_Data to process_.
########################################

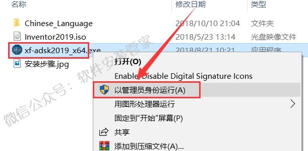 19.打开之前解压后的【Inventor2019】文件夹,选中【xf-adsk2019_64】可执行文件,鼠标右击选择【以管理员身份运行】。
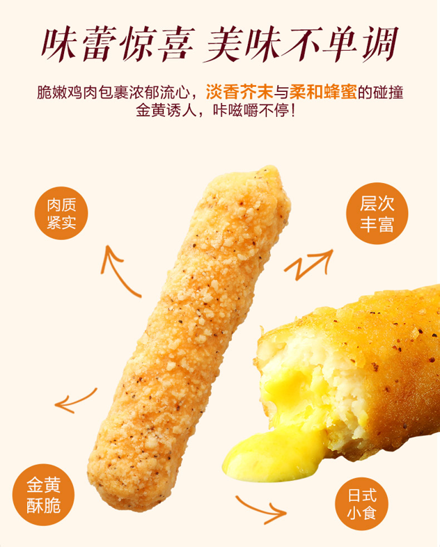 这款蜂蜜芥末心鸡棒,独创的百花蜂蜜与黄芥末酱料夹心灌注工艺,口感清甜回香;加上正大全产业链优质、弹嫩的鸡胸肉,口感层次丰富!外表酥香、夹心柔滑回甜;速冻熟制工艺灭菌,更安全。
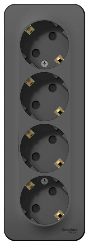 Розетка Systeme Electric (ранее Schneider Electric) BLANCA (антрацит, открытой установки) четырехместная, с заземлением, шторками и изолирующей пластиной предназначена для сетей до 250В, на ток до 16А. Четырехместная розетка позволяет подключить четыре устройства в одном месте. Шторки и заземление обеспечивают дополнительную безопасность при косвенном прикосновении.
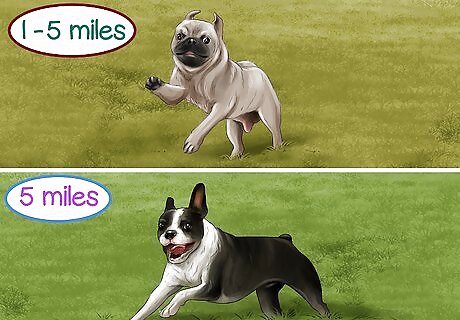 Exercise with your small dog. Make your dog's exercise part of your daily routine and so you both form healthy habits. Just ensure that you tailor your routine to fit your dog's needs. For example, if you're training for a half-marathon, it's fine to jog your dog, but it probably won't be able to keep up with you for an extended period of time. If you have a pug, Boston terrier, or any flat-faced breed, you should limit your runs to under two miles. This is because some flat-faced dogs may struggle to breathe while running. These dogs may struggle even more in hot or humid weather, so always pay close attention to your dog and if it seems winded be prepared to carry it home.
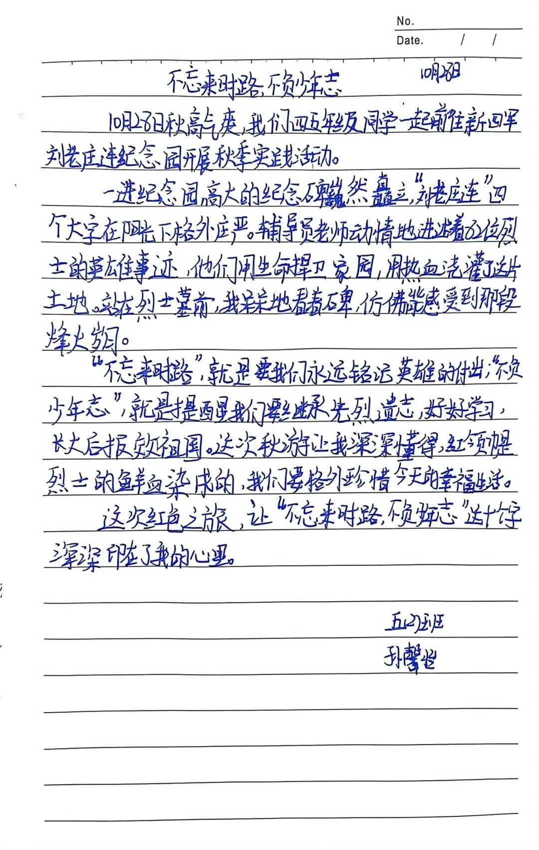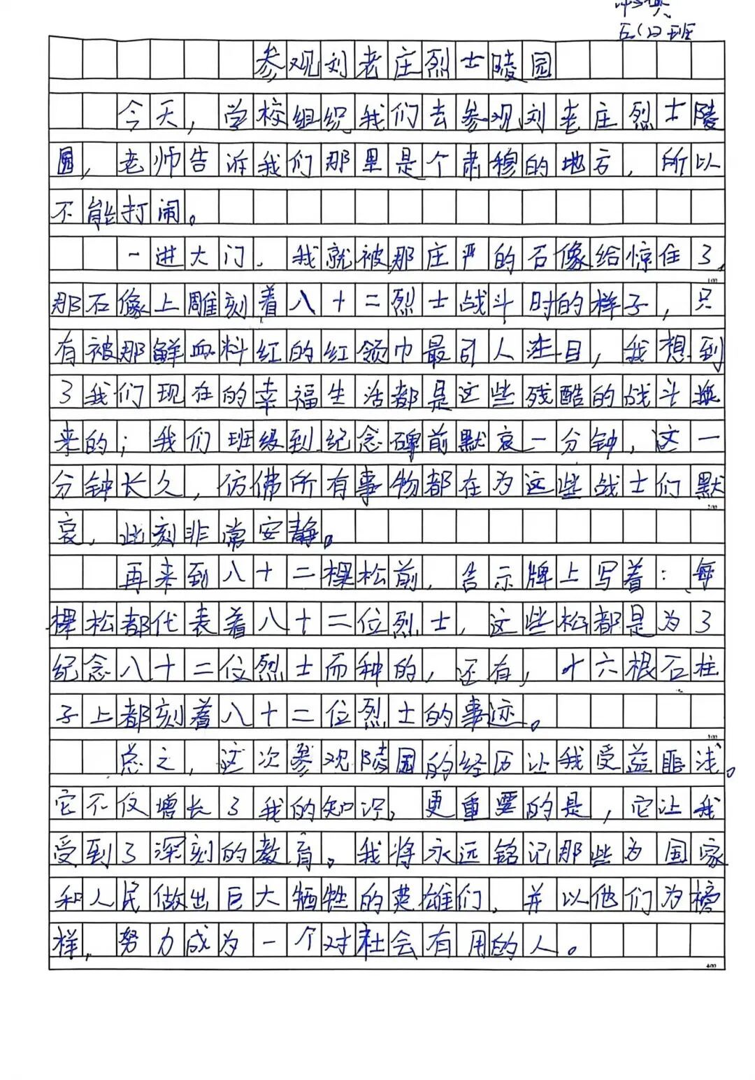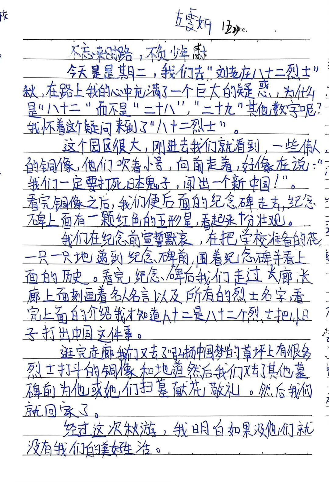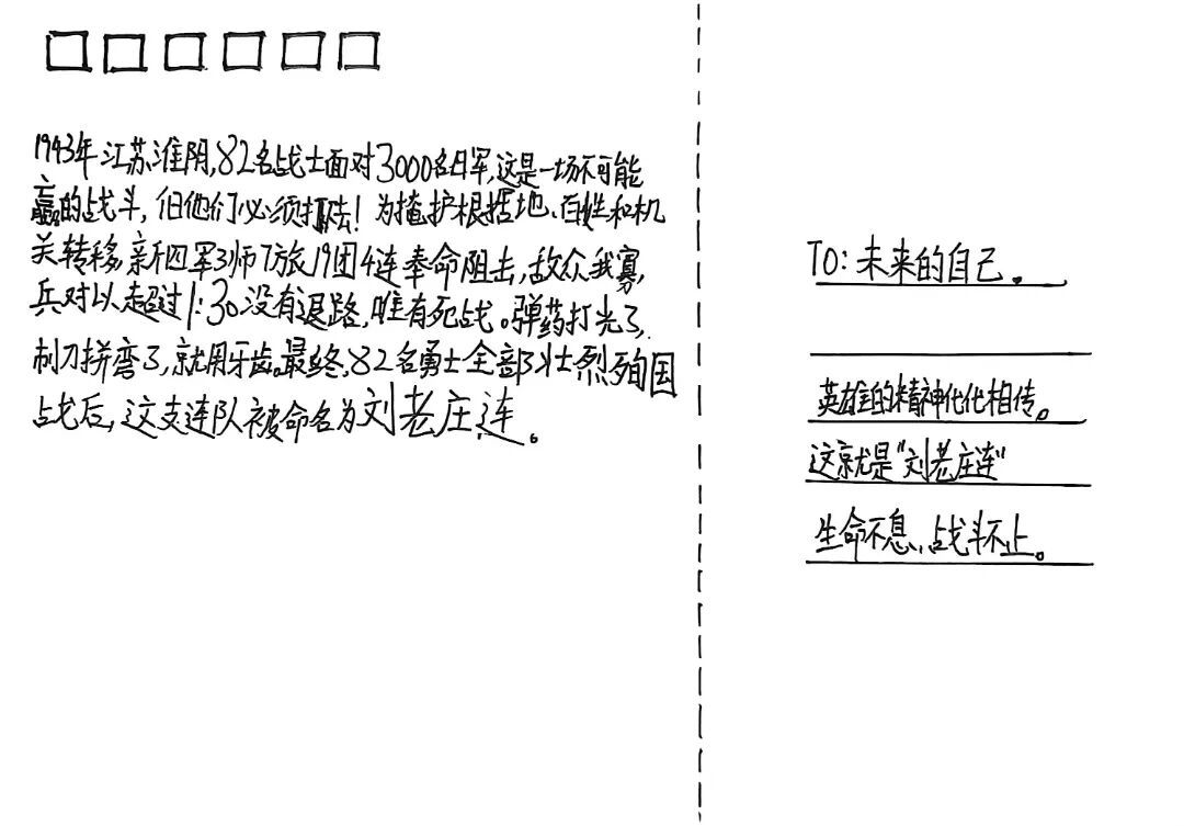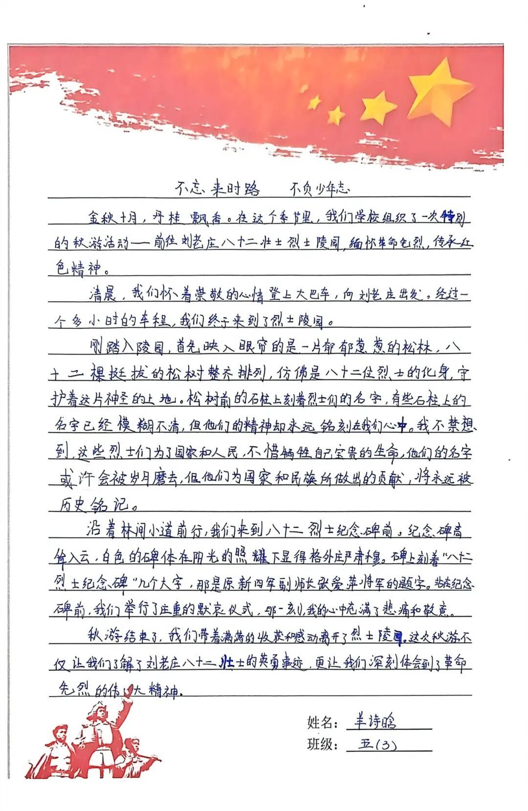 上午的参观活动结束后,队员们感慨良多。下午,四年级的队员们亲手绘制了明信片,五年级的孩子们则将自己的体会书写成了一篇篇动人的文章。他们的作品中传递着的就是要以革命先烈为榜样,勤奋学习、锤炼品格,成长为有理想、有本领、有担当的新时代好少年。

########################################

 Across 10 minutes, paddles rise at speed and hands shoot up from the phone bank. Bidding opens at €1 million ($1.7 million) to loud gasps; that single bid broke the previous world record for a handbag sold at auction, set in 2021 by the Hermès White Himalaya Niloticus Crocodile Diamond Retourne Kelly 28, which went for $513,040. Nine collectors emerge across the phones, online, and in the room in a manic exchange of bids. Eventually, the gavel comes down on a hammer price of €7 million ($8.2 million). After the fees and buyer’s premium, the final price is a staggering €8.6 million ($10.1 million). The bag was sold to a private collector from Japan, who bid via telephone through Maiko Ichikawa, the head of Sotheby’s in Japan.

########################################

_Task prompt_. Pictures aside, return exactly the lines from the data above, starting at the line that has "Exercise with your" and ending at the line that has "上午的参观活动结束后,队员们", both included.

_Your solution_.
 Exercise with your small dog. Make your dog's exercise part of your daily routine and so you both form healthy habits. Just ensure that you tailor your routine to fit your dog's needs. For example, if you're training for a half-marathon, it's fine to jog your dog, but it probably won't be able to keep up with you for an extended period of time. If you have a pug, Boston terrier, or any flat-faced breed, you should limit your runs to under two miles. This is because some flat-faced dogs may struggle to breathe while running. These dogs may struggle even more in hot or humid weather, so always pay close attention to your dog and if it seems winded be prepared to carry it home.
 上午的参观活动结束后,队员们感慨良多。下午,四年级的队员们亲手绘制了明信片,五年级的孩子们则将自己的体会书写成了一篇篇动人的文章。他们的作品中传递着的就是要以革命先烈为榜样,勤奋学习、锤炼品格,成长为有理想、有本领、有担当的新时代好少年。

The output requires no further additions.